1
votes

Using cassandra version 3.11.4 we imported several days of 'time series like' data in a table created with TimeWindowCompactionStrategy, compaction_window_unit in hours and compaction_window_size of 1:

CREATE TABLE MYTABLE (
  some_fields text,
(...)
AND compaction = {
  'class' : 'TimeWindowCompactionStrategy',
    'compaction_window_unit': 'HOURS',
    'compaction_window_size': 1
};

since this is historical data imported from another DB, we changed the timestamp on the insert query in this way:

INSERT INTO MYTABLE (...) USING TIMESTAMP [timestamp of the record] AND TTL ...

where [timestamp of the record] is the timestamp of every time-series record inserted.

Apparently this method worked, as verified enabling TRACE level logging on org.apache.cassandra.db.compaction package:

TRACE [CompactionExecutor:421] ...TimeWindowCompactionStrategy.java:252 - buckets {
1523124000000=[BigTableReader(path='.../md-487-big-Data.db')], 
1523070000000=[BigTableReader(path='.../md-477-big-Data.db')], 
1523109600000=[BigTableReader(path='.../md-530-big-Data.db')], 
1523134800000=[BigTableReader(path='.../md-542-big-Data.db')] }, 
max timestamp 1523134800000

Where we found several buckets "one hour" big.
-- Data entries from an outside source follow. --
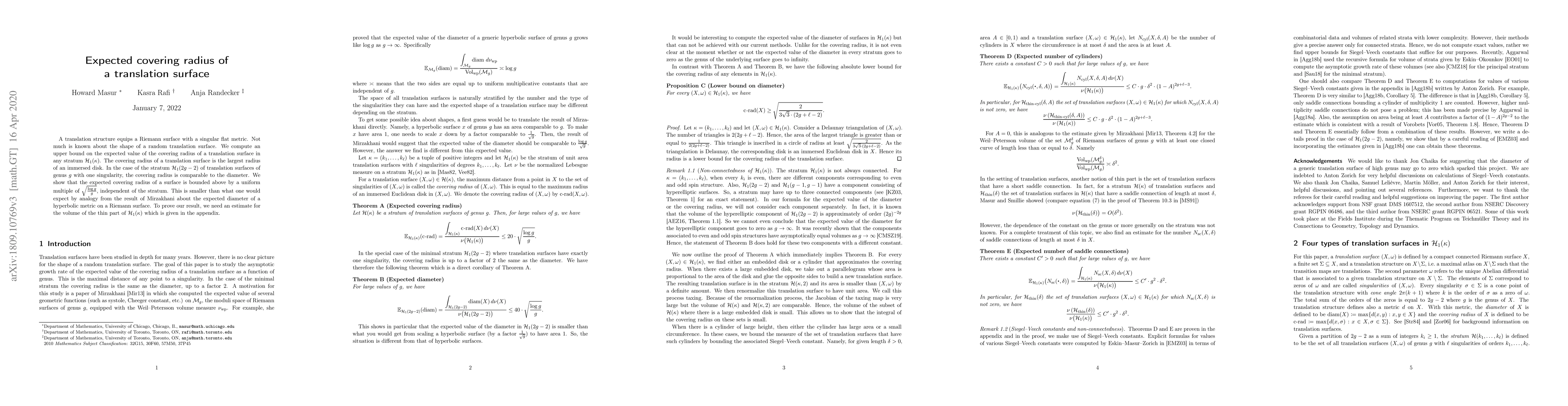 This paper computes an upper bound on the expected covering radius of a translation surface in any stratum H_1(kappa), showing it is bounded above by a uniform multiple of ((log g)/g)^(1/2), independent of the stratum, which is smaller than the expected diameter analogy. The result relies on an estimate for the volume of the thin part of H_1(kappa).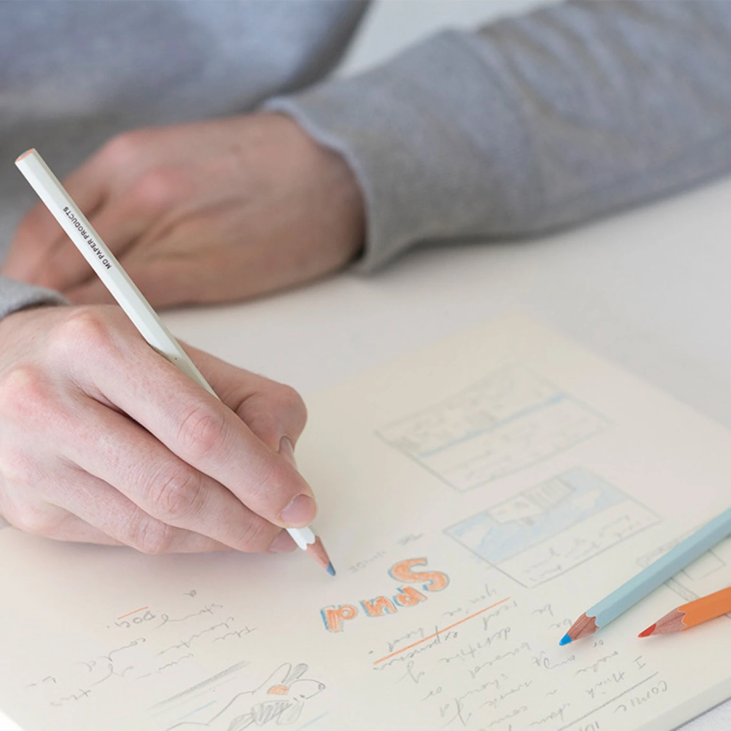 With an understated yet unique design, the Midori Pencil extends the MD Notebook experience to the fingertips. The Midori Coloured Set features three colours – grey, light blue and orange, while the honeycomb-shaped body makes it easy to hold with the thumb, index finger and middle finger.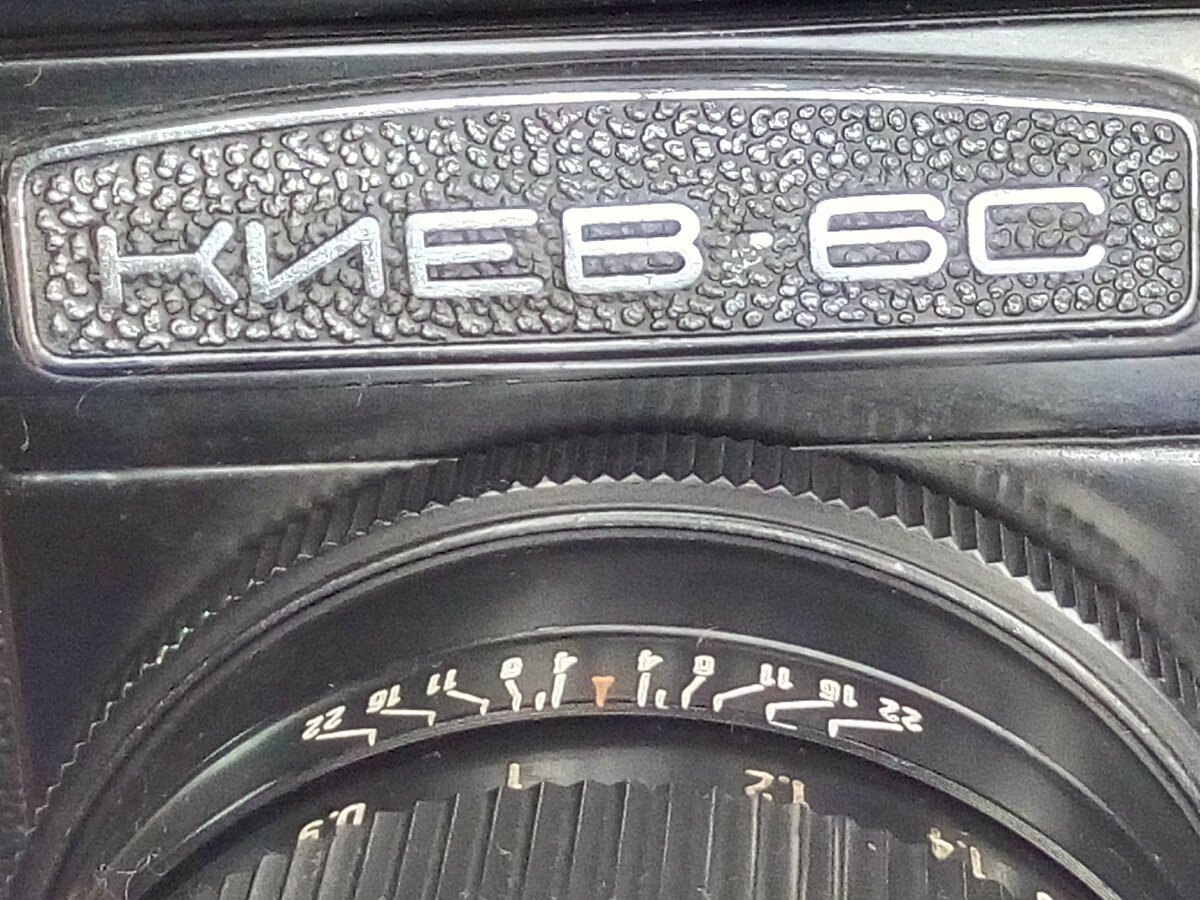 Когда я первый раз взял эту камеру в руки - первая мысль была: весомый аргумент в советском фотоделе. Среднеформатная зеркальная однообъективная камера Киев-6С весит 2 килограмма. Поскольку раньше я фотоделом занимался постольку-поскольку, с подобными камерами я не сталкивался. Информации по ней в интернете много, не буду заниматься перепечаткой. Для начала, чтобы у читателя создалось мнение о размерах этой камеры, сравним ее с Зенитом. Размер кадра у Киева-6С - 6х6 см. Пленка тип 120, с классическим расположением - слева и справа кассеты в плоском корпусе. Объектив Вега-12В с f-2.8 и рабочим отрезком 90 мм съемный на байонете. Для снятия объектива надо провернуть по резьбе рифленое кольцо у корпуса камеры. Камера Киев-6С системная. Кроме объектива, снимается и призма, которую можно заменить на шахту. Открывается фотоаппарат для замены пленки за счет проворота и осевого смещения двух замков на нижней грани корпуса, после чего крышка откидывается в сторону. Поскольку с камерой я не ра

The problem came when we run nodetool compact on every cassandra node.

What we expected was to obtain a single sstable for each "one hour bucket". What we got was a single huge sstable (per node), with all rows merged!

Is this the supposed behavior? are we doing something wrong?

1
I also wanted to add that I tried with -s and it still created one big sstable file in my case. That outcome very much contradicted what the docs say for that option: "Use -s to not create a single big file" - itzg

1 Answers

1
votes

This is expected behavior. You can either take the node offline and split the sstables into X, or wait for all TTLs to expire and then watch the single large sstable get cleaned up. Remember to turn off repair on the tables with STWS, otherwise, things can get messy. I learned that the hard way. Otherwise, it's a great compaction strategy for time series data.